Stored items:

((

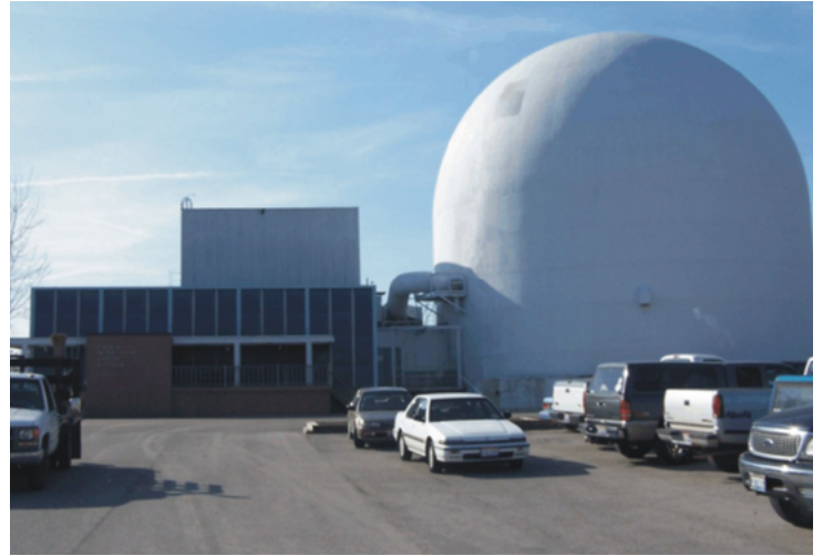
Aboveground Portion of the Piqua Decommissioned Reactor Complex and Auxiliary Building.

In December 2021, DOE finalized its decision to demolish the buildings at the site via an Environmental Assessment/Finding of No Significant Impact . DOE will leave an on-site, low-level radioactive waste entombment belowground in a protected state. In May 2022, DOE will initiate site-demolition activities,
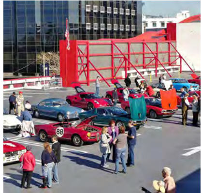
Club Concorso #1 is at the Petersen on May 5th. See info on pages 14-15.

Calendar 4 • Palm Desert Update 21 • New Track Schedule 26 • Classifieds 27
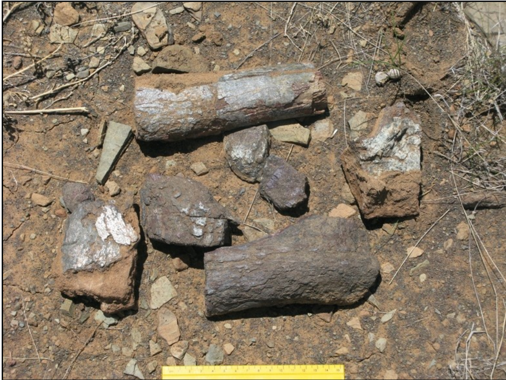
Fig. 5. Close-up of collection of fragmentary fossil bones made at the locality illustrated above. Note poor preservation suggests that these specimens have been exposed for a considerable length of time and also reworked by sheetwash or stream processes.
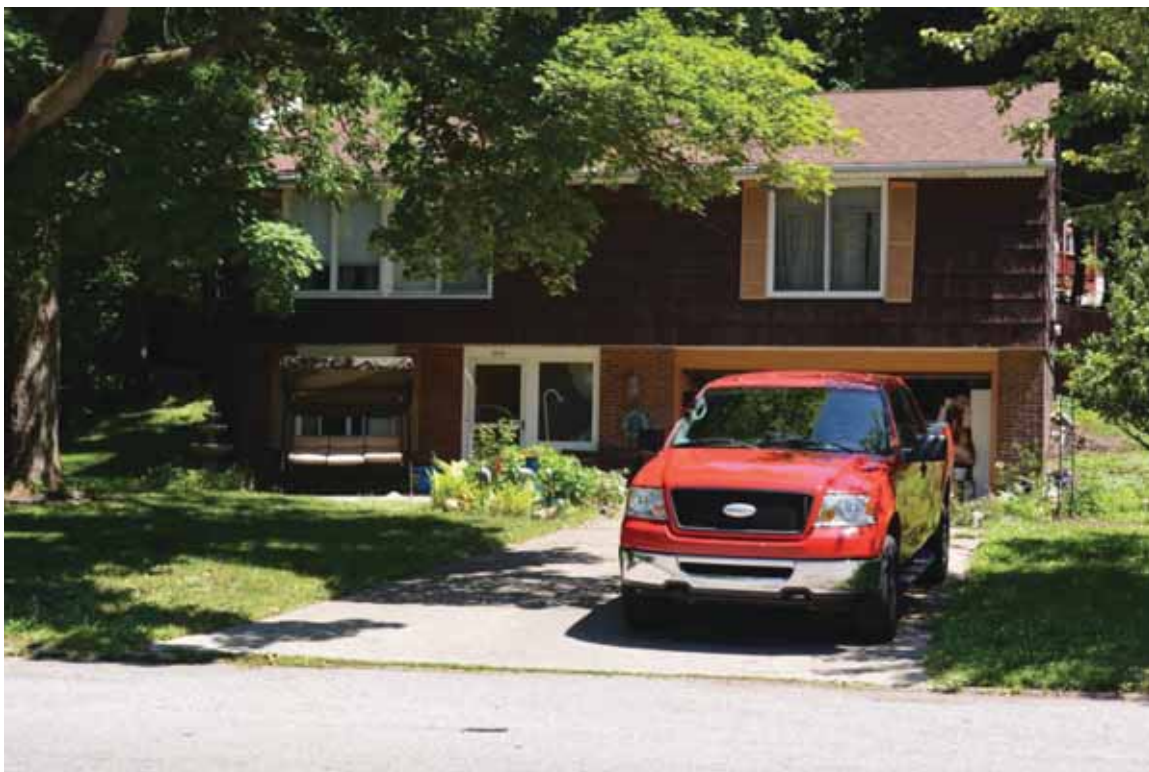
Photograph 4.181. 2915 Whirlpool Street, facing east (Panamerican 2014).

))

## [PROBLEM REQUIREMENTS]
Transcribe the lines above exactly, beginning at the one with "In December 2021, DOE" and ending at the one with "Club Concorso #1". Include both; exclude the pictures.

## [PROBLEM SOLUTION]
In December 2021, DOE finalized its decision to demolish the buildings at the site via an Environmental Assessment/Finding of No Significant Impact . DOE will leave an on-site, low-level radioactive waste entombment belowground in a protected state. In May 2022, DOE will initiate site-demolition activities,
Club Concorso #1 is at the Petersen on May 5th. See info on pages 14-15.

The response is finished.